The last year has seen some notable developments in the global international arbitration space. In this article, we take you through important legislative and judicial developments across our key office locations.  

United Kingdom

The United Kingdom saw efforts to modernize the legislative arbitration framework in England, Wales, and Northern Ireland. The Arbitration Act 2025, which came into force on 1 August 2025, introduced targeted reforms to the Arbitration Act 1996. The new law codified common law, making the 1996 Act more user-friendly and tidied up some irregularities within the 1996 Act. The key features of the new law, which applies to all arbitral proceedings commenced after 1 August 2025, including both court proceedings and arbitral awards, are discussed here

The latter half of 2025 also saw the announcement of the 14th Programme of Law Reform which aims to review the legal framework surrounding trust law arbitration, signalling a growing judicial and legislative interest in expanding arbitration's role in trust disputes. 

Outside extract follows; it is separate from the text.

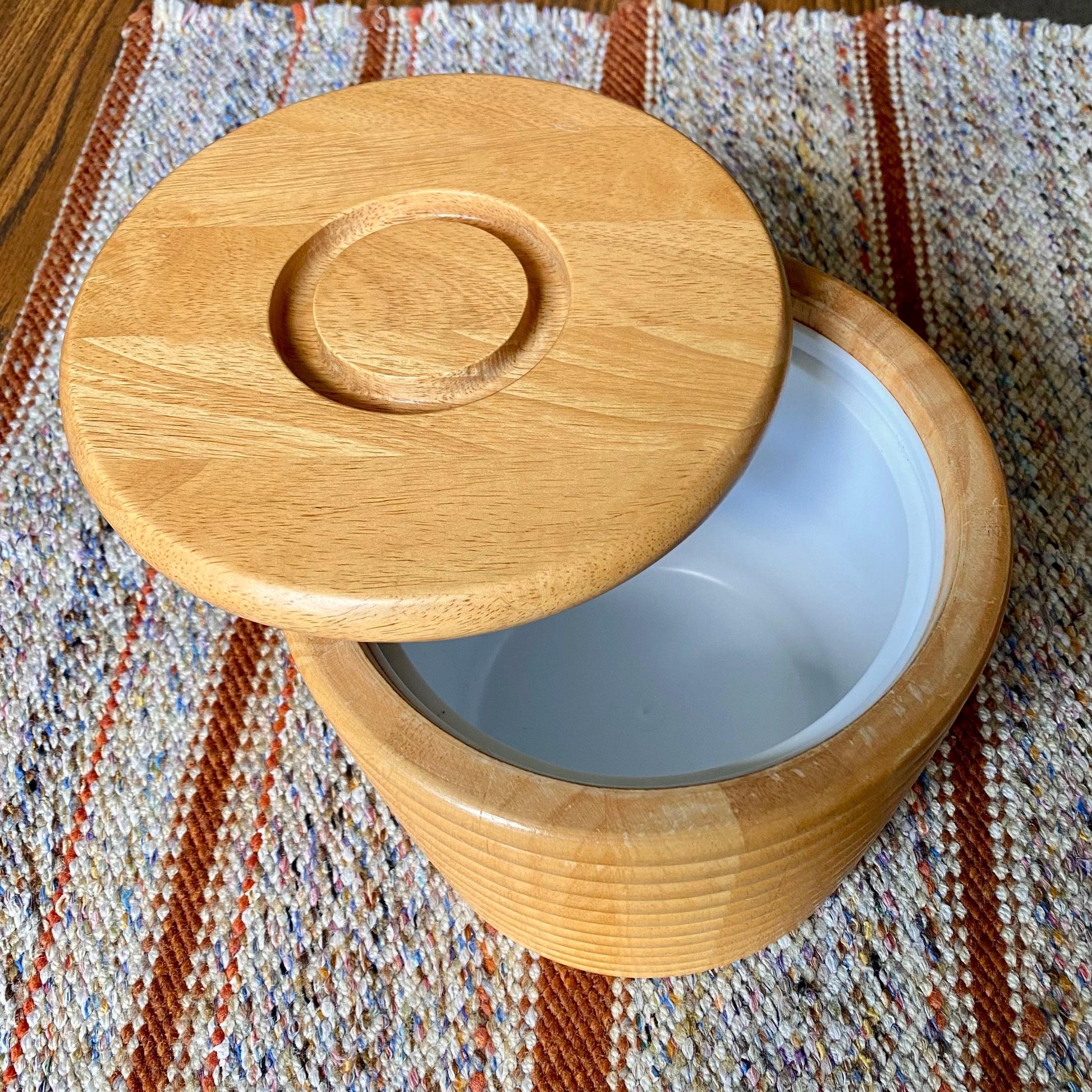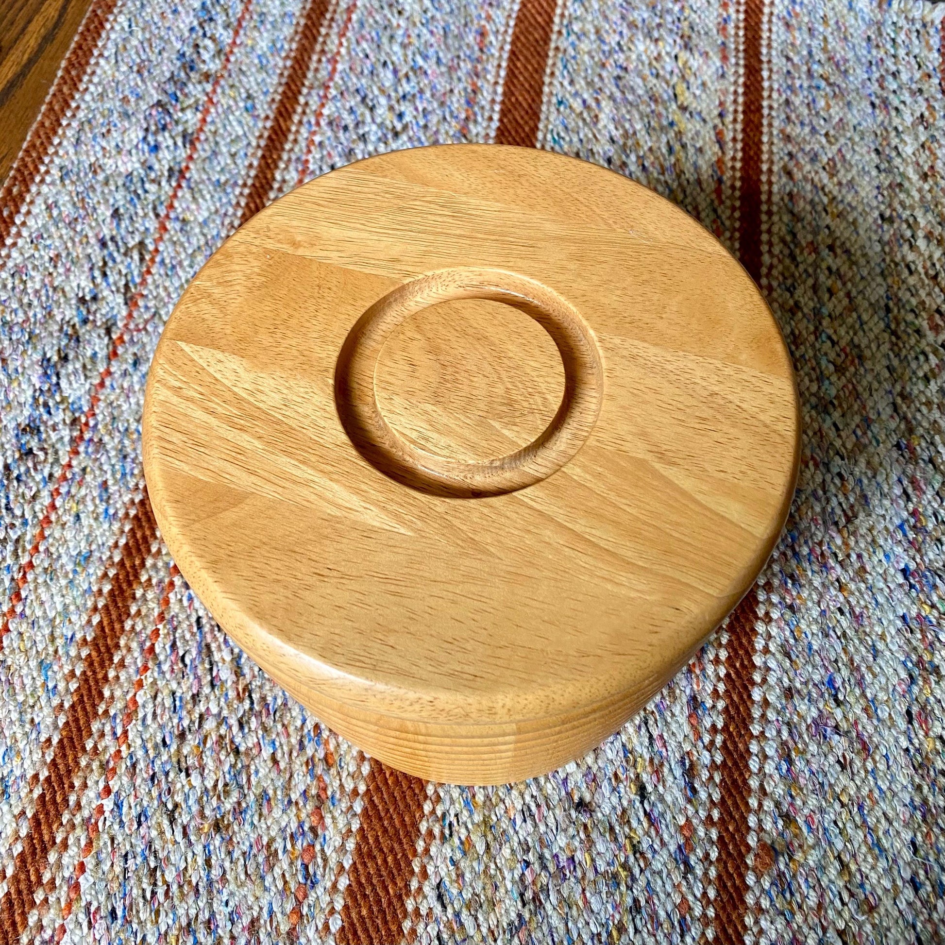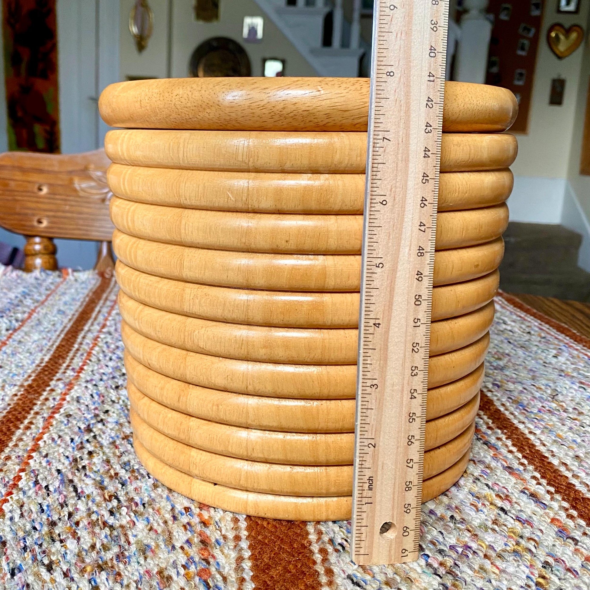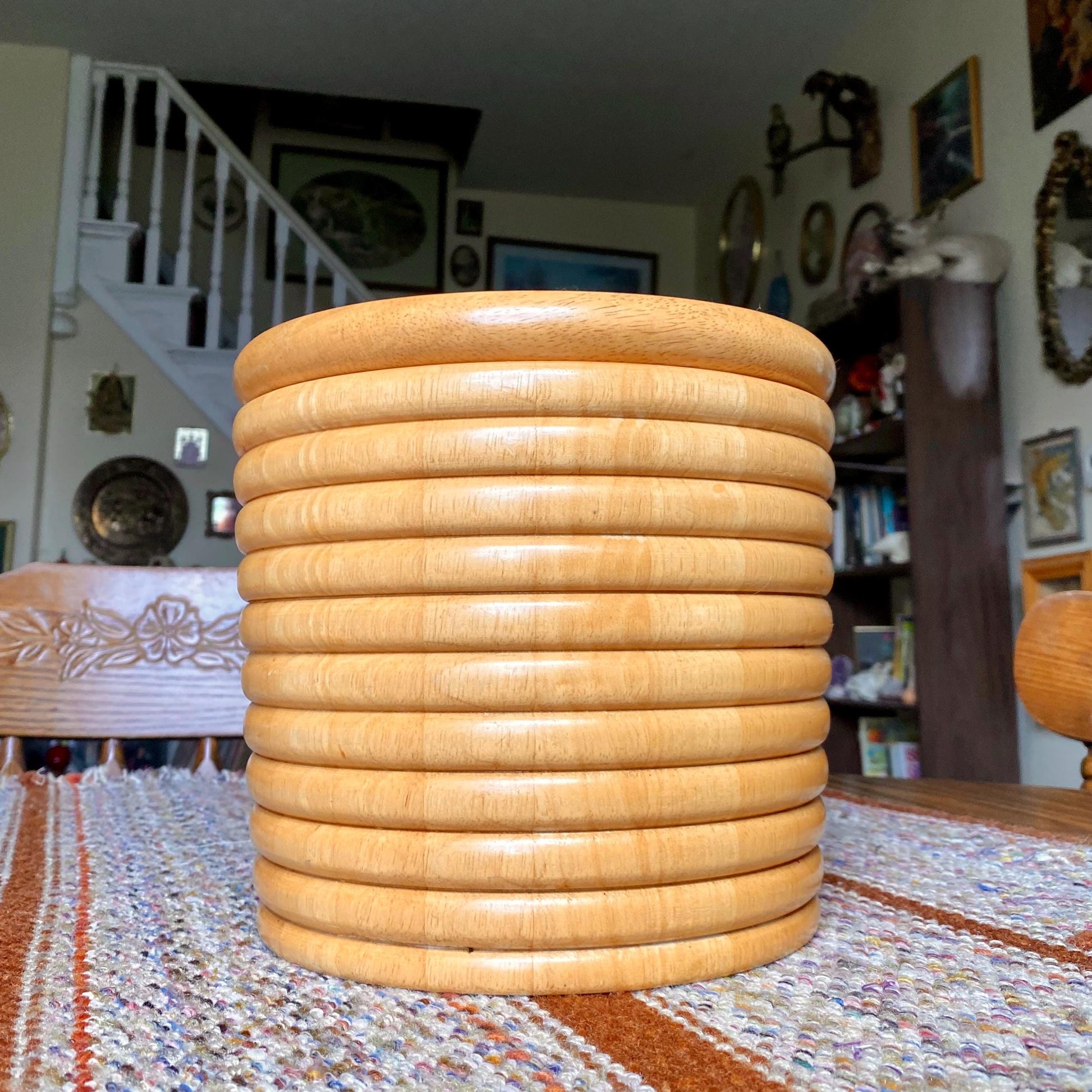 This Heavy Wood Mid-Century Modern Ribbed Barware Ice Bucket is a stylish addition to any home bar collection. The round, wooden ice bucket features a ribbed pattern and comes with a matching lid/topper. Made of wood and with a modern style, this original piece from the 1970s is perfect for all occasions. The handle makes it easy to transport ice cubes while the one hole design is both practical and visually appealing.

There were also some notable arbitration-related developments in the UK courts. In A Corporation v (1) Firm B (2) Mr W [2025] EWHC 1092 (Comm), the High Court clarified the boundaries of arbitral confidentiality, particularly for law firms that act for connected clients in multiple arbitrations. In CC/Devas (Mauritius) Ltd and Others v India [2025] EWHC 964 (Comm), the English High Court found that ratification of the New York Convention would not, by itself, waive a State’s sovereign immunity against the enforcement of an arbitral award against it. 

France

In France, efforts to reform the French arbitration law, which kicked off in 2024, continued through 2025. In March 2025, a 17-member working group submitted a report with reform proposals and a draft Code of Arbitration, which is expected to be codified in the second half of 2026. The Paris Court of Appeal also confirmed that an arbitral award would exclude procedural orders and interim measures. 

Switzerland

In Switzerland, the Court of Arbitration for Sport (CAS) issued a new Code of Sports-related Arbitration, which applies to all CAS procedures initiated from 1 July 2025. 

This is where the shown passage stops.